Tapping with two fingers simultaneously to simulate a middle mouse button works on Logitech touchpads used in a few machines.
Thanks to Geert Van der Plas for most of the touchpad chapter.
The only laptops I know which include a touchscreen are the Fujitsu Biblo 112/142 (aka MC 30) and the Palmax PD 1000/1100 (aka IPC 1000/1100).
The latest version of the Linux Compaq Concerto Pen Driver is available from Joe Pfeiffer's home page.
A current survey of drivers you may find at my page Touchscreen Laptops and Linux.

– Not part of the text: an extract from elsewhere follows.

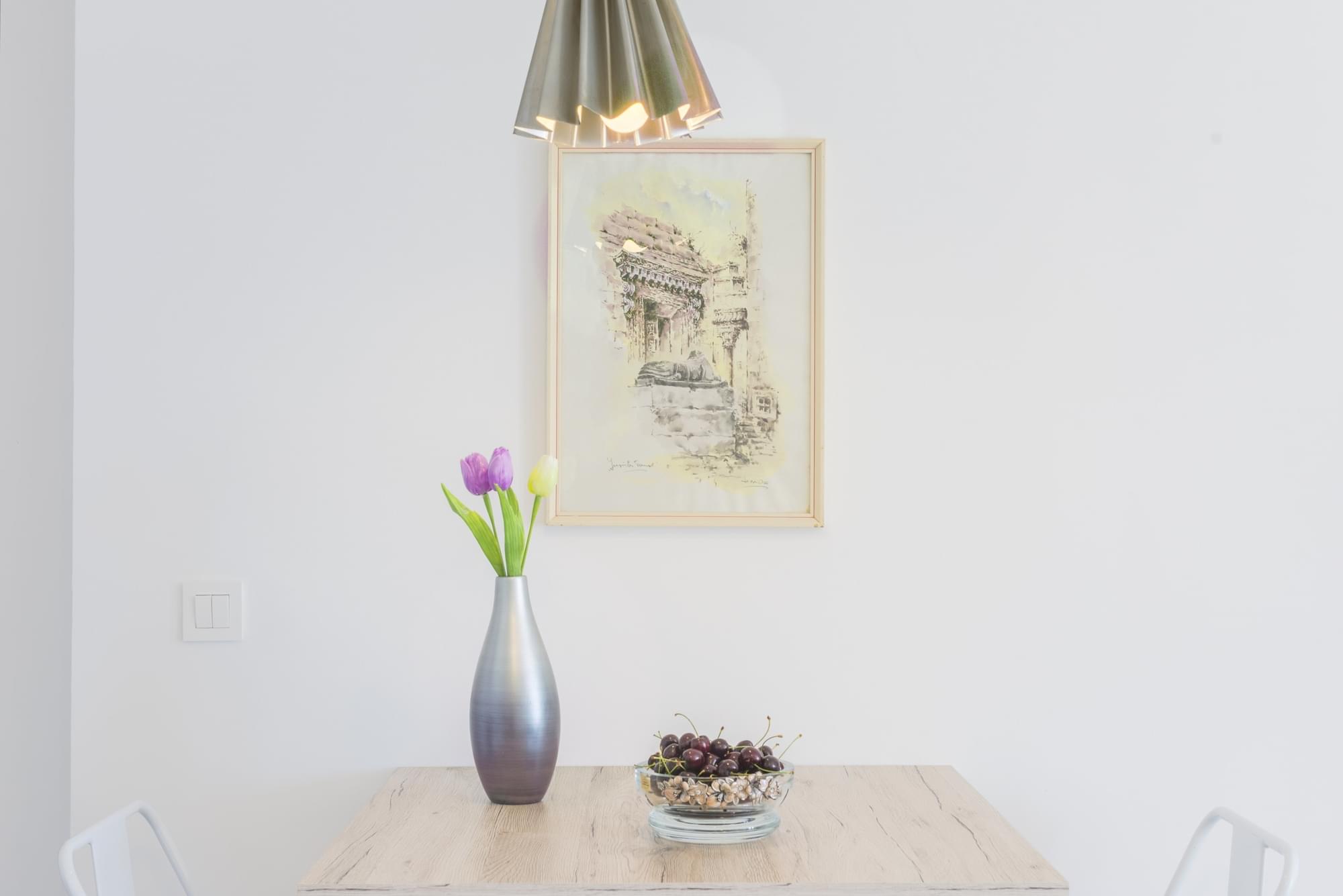 The apartment is equipped with linen, towels, cutlery, dishes, hairdryer, iron.

For better handling, e.g. with a 3 button mouse you may use an external mouse. This usually a serial mouse or a PS/2 mouse, appropriate to the port your laptop offers. Usually this is no problem.
For PS/2 ports there are so called Y-Cable available, which make it possible to use external mouse and external keyboard at the same time if your laptop supports this feature.
![]() | Don't plug in the external mouse while powered up. If you have separate mouse and keyboard ports, make sure you plug the mouse in the mouse port and the keyboard in the keyboard port. If you don't, you may have to do a hard reboot of the laptop to get it to recover. |
PowerBooks have a trackpad and only one button, although you can plug in external multi-button USB mice. The usual thing is to map a couple of keys on the keyboard to the middle and right mouse buttons; your Linux distribution should come with instructions on how to configure this (it's not specific to laptops, as all Apple mice are single-button).
(If you are using the Xpmac server, the default is option-1 and option-2, and you can change this by passing -middlekey <keycode> -rightkey <keycode> arguments to Xpmac, and -nooptionmouse if you don't want the option key to be needed. If you are using XFree86, you pass adb_buttons=<middlekey>,<rightkey> kernel arguments (no option is required). I use adb_buttons=58,55 to map the option and Apple/command keys (which are little-used in Linux); use e.g. xev to find out the keycode for a given key.)